BrainLargeDataset

class scvi.dataset.BrainLargeDataset(filename=None, save_path='data/', sample_size_gene_var=10000, max_cells_to_keep=None, nb_genes_to_keep=720, loading_batch_size=100000, delayed_populating=False)[source]

Bases: scvi.dataset.dataset.DownloadableDataset

Loads brain-large dataset.

This dataset contains 1.3 million brain cells from 10x Genomics. We randomly shuffle the data to get a 1M subset of cells and order genes by variance to retain first 10,000 and then 720 sampled variable genes. This dataset is then sampled multiple times in cells for the runtime and goodness-of-fit analysis. We report imputation scores on the 10k cells and 720 genes samples only.

Parameters
  • filename (str, NoneOptional[str]) – File name to use when saving/loading the data.

  • save_path (strstr) – Location to use when saving/loading the data.

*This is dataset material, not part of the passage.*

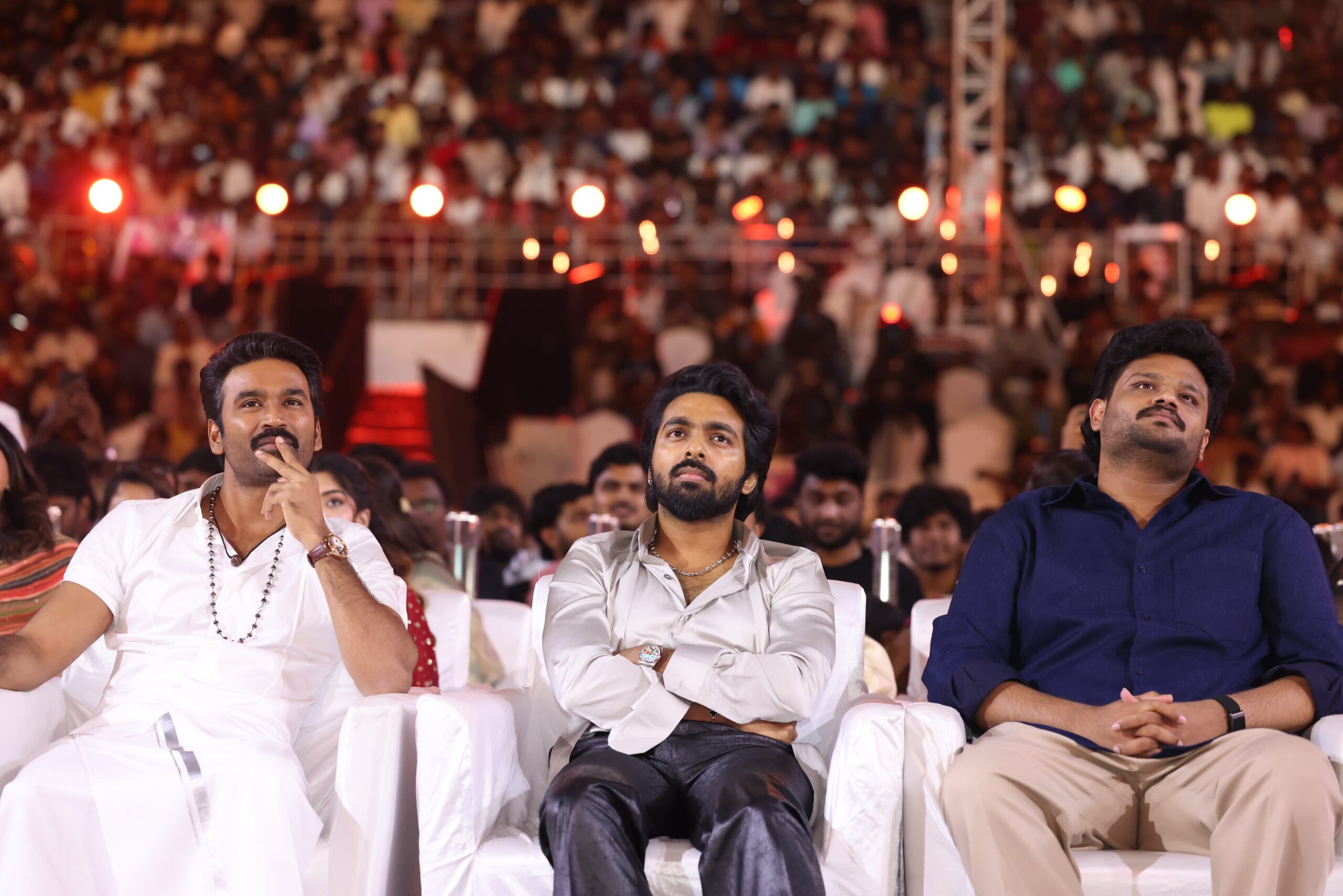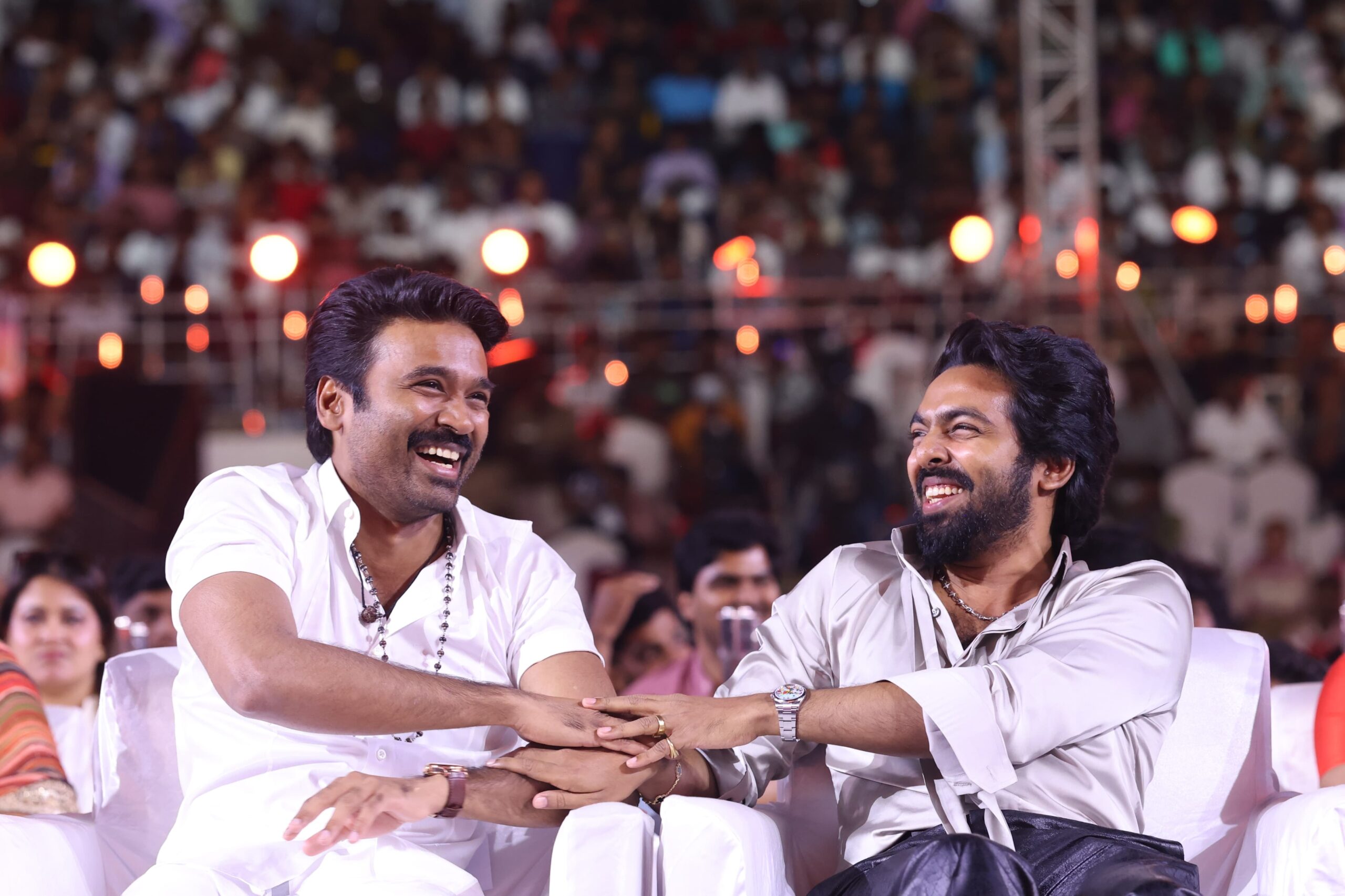 என் இனிய நண்பர் இயக்குநர்-நடிகர் தனுஷ் அவருக்கும், இந்த அரங்கத்தை கோலாகலமாக வைத்திருக்கும் தனுஷ் ரசிகர்களுக்கும் வணக்கம். ஒரு ஊரில் ஒரு ராஜா. அவருக்கு இரண்டு இளவரசர்கள்—ஒருவர் ஆயிரத்தில் ஒருவன், மற்றவர் பத்தாயிரத்தில் ஒருவன். எந்த வாய்ப்பும் கிடைத்தால் அதில் வித்தகனாக இருப்பவர் இந்த இளையவர் தனுஷ் தான். யாத்ரா, லிங்கா படங்களில் இருவருக்கும் எனக்கு பொறாமை. டப்பிங்கில் தனுஷ் சாருடன் பேசும்போது, அவர் வைத்திருந்த போனை பார்த்து “போன் நம்பர் தர முடியுமா?” என்றேன். அவர் சொன்னார், “இது என் பசங்களிடம் மட்டுமே பேசுவதற்கானது.”

  • sample_size_gene_var (intint) – Number of cells to use to estimate gene variances.

  • max_cells_to_keep (int, NoneOptional[int]) – Maximum number of cells to keep.

  • nb_genes_to_keep (intint) – Number of genes to keep, ordered by decreasing variance.

  • loading_batch_size (intint) – Number of cells to use for each chunk loaded.

  • delayed_populating (boolbool) – Switch for delayed populating mechanism.

Examples

>>> gene_dataset = BrainLargeDataset()

Methods Summary

populate()

Populates a DonwloadableDataset object’s data attributes.

Methods Documentation

populate()[source]

Populates a DonwloadableDataset object’s data attributes.

E.g by calling one of GeneExpressionDataset’s populate_from... methods.